_What is being asked_
Pictures in the material below are to be left out, and only the lines from the line with "Yarım Motif 3, eksik" up to and including the line with "當然,小藝的能力遠不止于此。" are to be written out exactly.

_Materials provided_
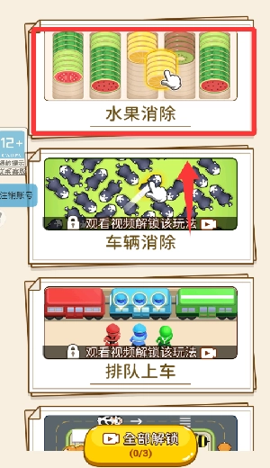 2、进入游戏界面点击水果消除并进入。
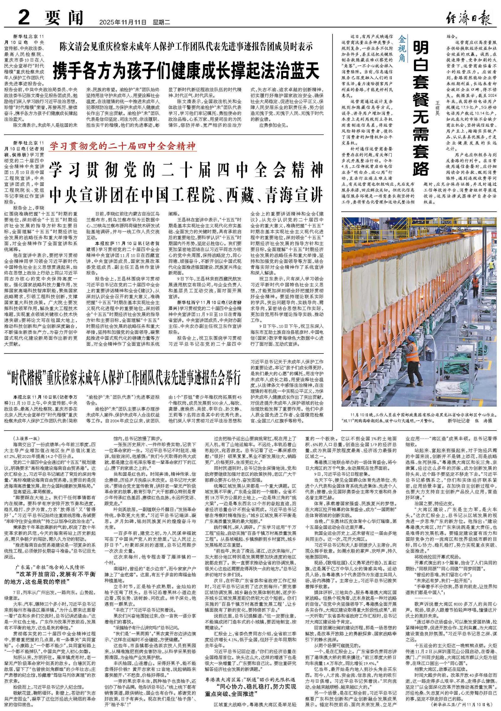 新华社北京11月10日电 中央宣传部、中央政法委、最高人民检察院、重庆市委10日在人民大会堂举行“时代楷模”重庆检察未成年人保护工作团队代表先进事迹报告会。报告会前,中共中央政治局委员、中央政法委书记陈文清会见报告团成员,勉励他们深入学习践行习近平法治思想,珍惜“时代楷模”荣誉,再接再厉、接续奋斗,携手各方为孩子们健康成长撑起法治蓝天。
---
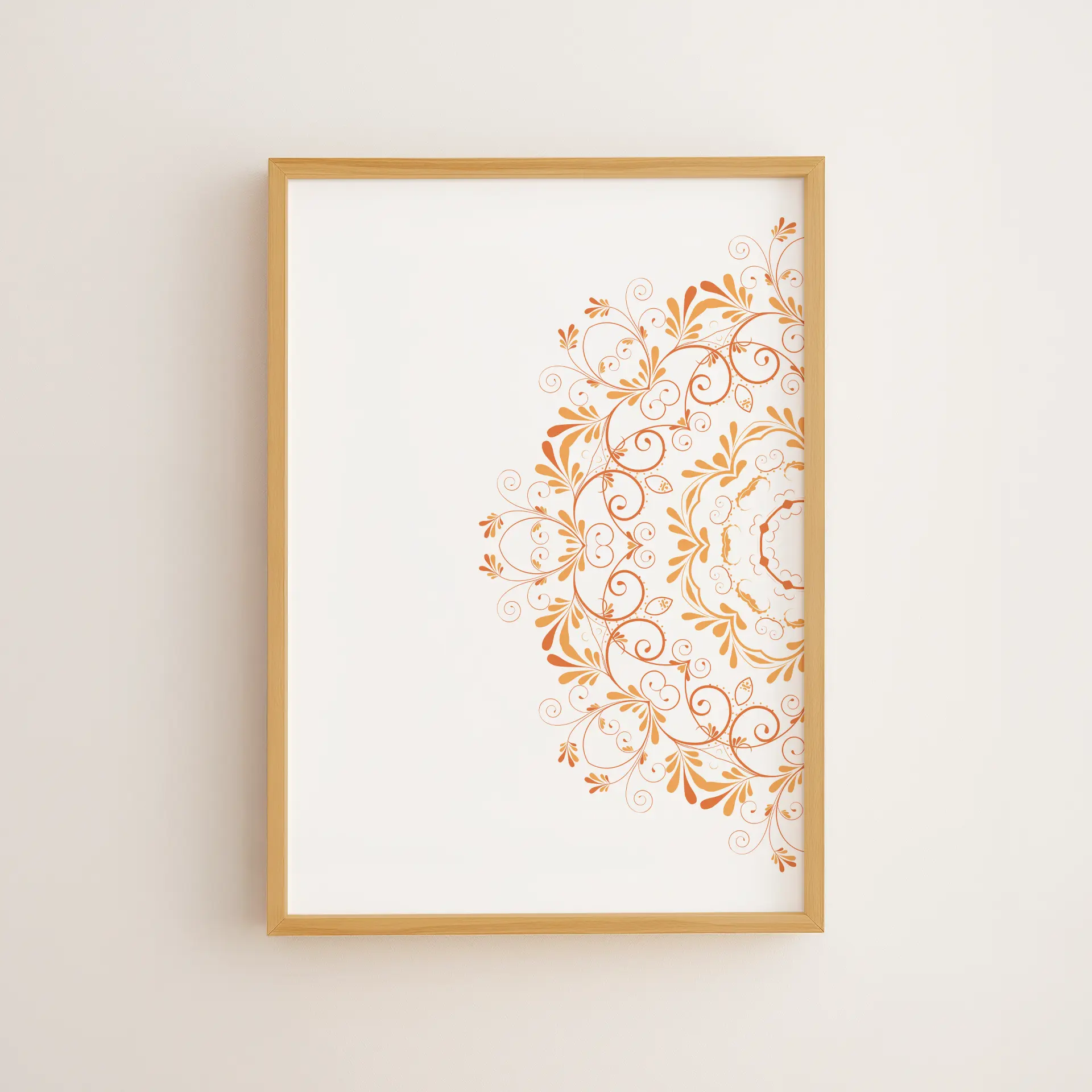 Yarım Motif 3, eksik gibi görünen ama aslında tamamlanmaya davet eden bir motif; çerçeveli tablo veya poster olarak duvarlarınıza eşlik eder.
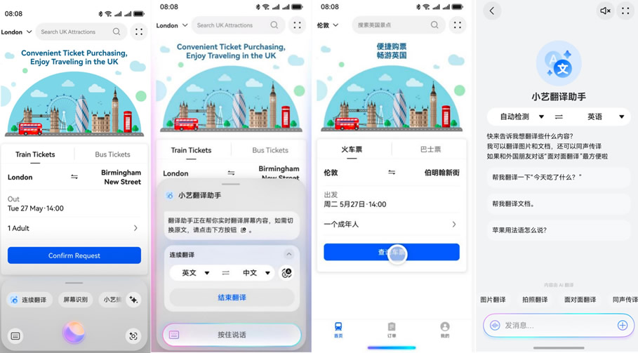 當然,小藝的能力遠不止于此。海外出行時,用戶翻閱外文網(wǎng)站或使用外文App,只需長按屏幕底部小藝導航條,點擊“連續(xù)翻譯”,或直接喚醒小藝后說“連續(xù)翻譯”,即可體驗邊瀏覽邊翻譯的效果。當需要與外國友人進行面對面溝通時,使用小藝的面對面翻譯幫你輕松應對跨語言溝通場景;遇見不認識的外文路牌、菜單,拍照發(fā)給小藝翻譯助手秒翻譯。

_Solution to the problem_
 Yarım Motif 3, eksik gibi görünen ama aslında tamamlanmaya davet eden bir motif; çerçeveli tablo veya poster olarak duvarlarınıza eşlik eder.
 當然,小藝的能力遠不止于此。海外出行時,用戶翻閱外文網(wǎng)站或使用外文App,只需長按屏幕底部小藝導航條,點擊“連續(xù)翻譯”,或直接喚醒小藝后說“連續(xù)翻譯”,即可體驗邊瀏覽邊翻譯的效果。當需要與外國友人進行面對面溝通時,使用小藝的面對面翻譯幫你輕松應對跨語言溝通場景;遇見不認識的外文路牌、菜單,拍照發(fā)給小藝翻譯助手秒翻譯。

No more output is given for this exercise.